Abstract:We study exploration in stochastic multi-armed bandits when we have access to a divisible resource, and can allocate varying amounts of this resource to arm pulls. By allocating more resources to a pull, we can compute the outcome faster to inform subsequent decisions about which arms to pull. However, since distributed environments do not scale linearly, executing several arm pulls in parallel, and hence less resources per pull, may result in better throughput. For example, in simulation-based scientific studies, an expensive simulation can be sped up by running it on multiple cores.

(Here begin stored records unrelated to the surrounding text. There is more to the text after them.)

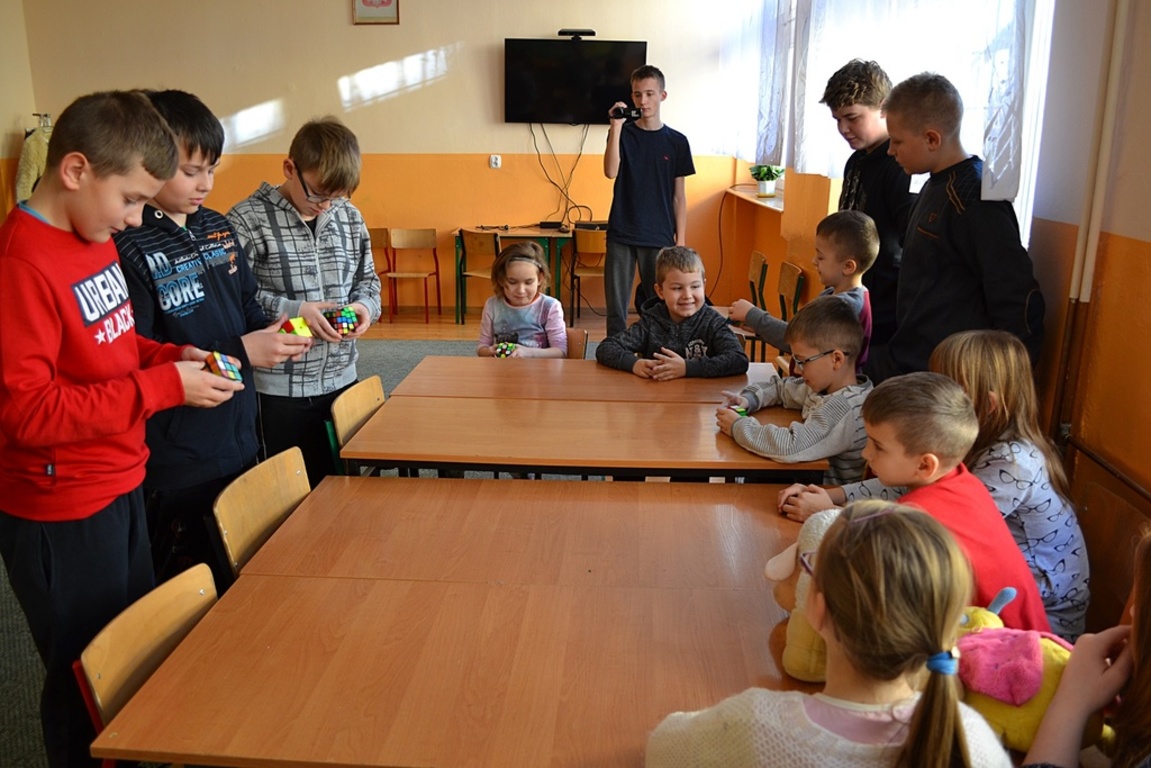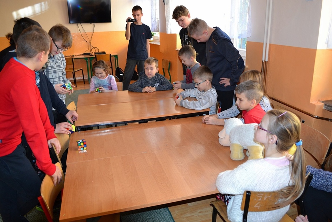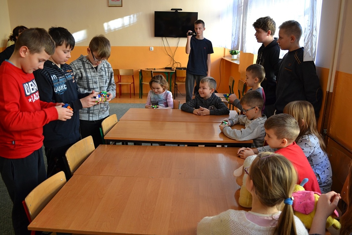 i umiejętności każdego ucznia z osobna. Gimnazjaliści także mieli okazję do nowych, ciekawych przemyśleń na temat własnego rozwoju. Wszystkie klasy gimnazjum, w dwóch turach, wzięły udziałw spotkaniu z Michałem Zawadką, autorem książek z zakresu rozwoju osobistego dla dzieci i młodzieży, który odwiedza szkoły w całej Polsce z autorskim programem pn. „Chcę być kimś”. Młodzież oceniła to spotkanie jako „rewelacyjnie przeprowadzone” i „bardzo przydatne”, bo trener pokazał, jak nie marnować swej szansy na rozwój i nie opierać swej samooceny na „ocenianiu” przez rówieśników. Poza wymienionymi formami edukacji metodą szkoleniową i warsztatową, w realizowanym zadaniu przewidziana jest również innowacyjna forma edukacji spersonalizowanej – tutoring rozwojowy. Kilkoro uczniów gimnazjum ma okazję brać udział w cyklu spotkań indywidualnych z tutorem, by pracować nad swoją ścieżką rozwoju. Tutoring prowadzi na zasadzie pracy wolontariackiej partner zadania, Fundacja Centrum Edukacji dla Rozwoju we Włoszczowie, która dysponuje wykwalifikowanym tutorem.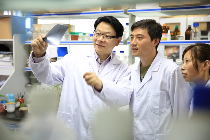 Professor Li Xiao Tao (Left) works at the laboratory with his team members.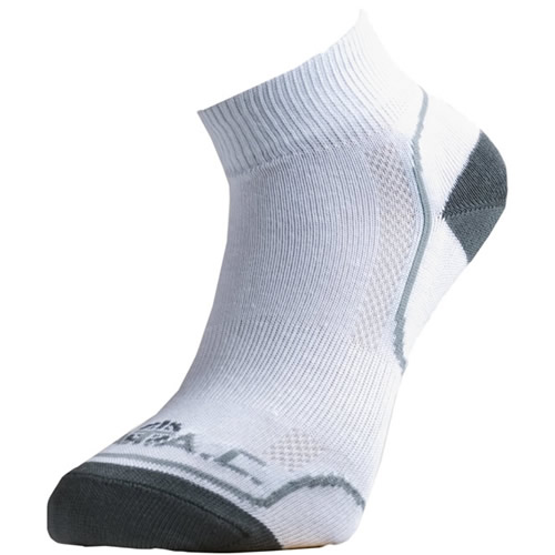 Version estivale des chaussettes à porter par temps chaud, avec un anneau de manchette au niveau des orteils pour un ajustement parfait au pied. La chaussette est dotée d'un rembourrage qui épouse la forme de la cheville et des bords extérieurs du pied au niveau des orteils afin de protéger les parties exposées des frottements causés par certaines chaussures d'été ouvertes. La technologie utilisant des fibres d'argent dans la structure du tissu assure des effets antibactériens. Ces chaussettes de qualité conviennent pour exercer une profession dans des conditions difficiles.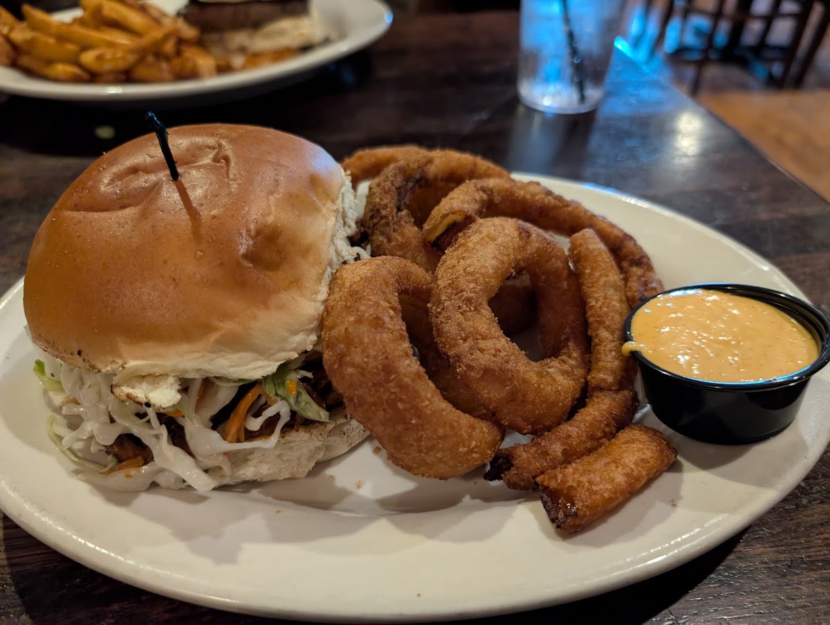 The cuisine here is an expertly crafted mix of classic American favorites and unique flavor combinations. One standout from their menu is the Wings, offered in tantalizing flavors such as Honey BBQ, Garlic Parmesan, and the intensely flavorful Rogue Dead Guy Hot. Each bite is plump, juicy, and bursting with flavor, perfectly complemented by their rich bleu cheese dressing. If you're a fan of unique appetizers, don't miss the Philly Cheesesteak Egg Roll—a delicious handheld delight stuffed with shaved ribeye, caramelized onions, and Cooper Sharp cheese that plays wonderfully with the accompanying Sriracha ketchup.

This speed-up is, however, partly offset by the communication among cores and overheads, which results in lower throughput than if fewer cores were allocated to run more trials in parallel. We explore these trade-offs in the fixed confidence setting, where we need to find the best arm with a given success probability, while minimizing the time to do so. We propose an algorithm which trades off between information accumulation and throughout and show that the time taken can be upper bounded by the solution of a dynamic program whose inputs are the squared gaps between the suboptimal and optimal arms. We prove a matching hardness result which demonstrates that the above dynamic program is fundamental to this problem. Next, we propose and analyze an algorithm for the fixed deadline setting, where we are given a time deadline and need to maximize the success probability of finding the best arm. We corroborate these theoretical insights with an empirical evaluation.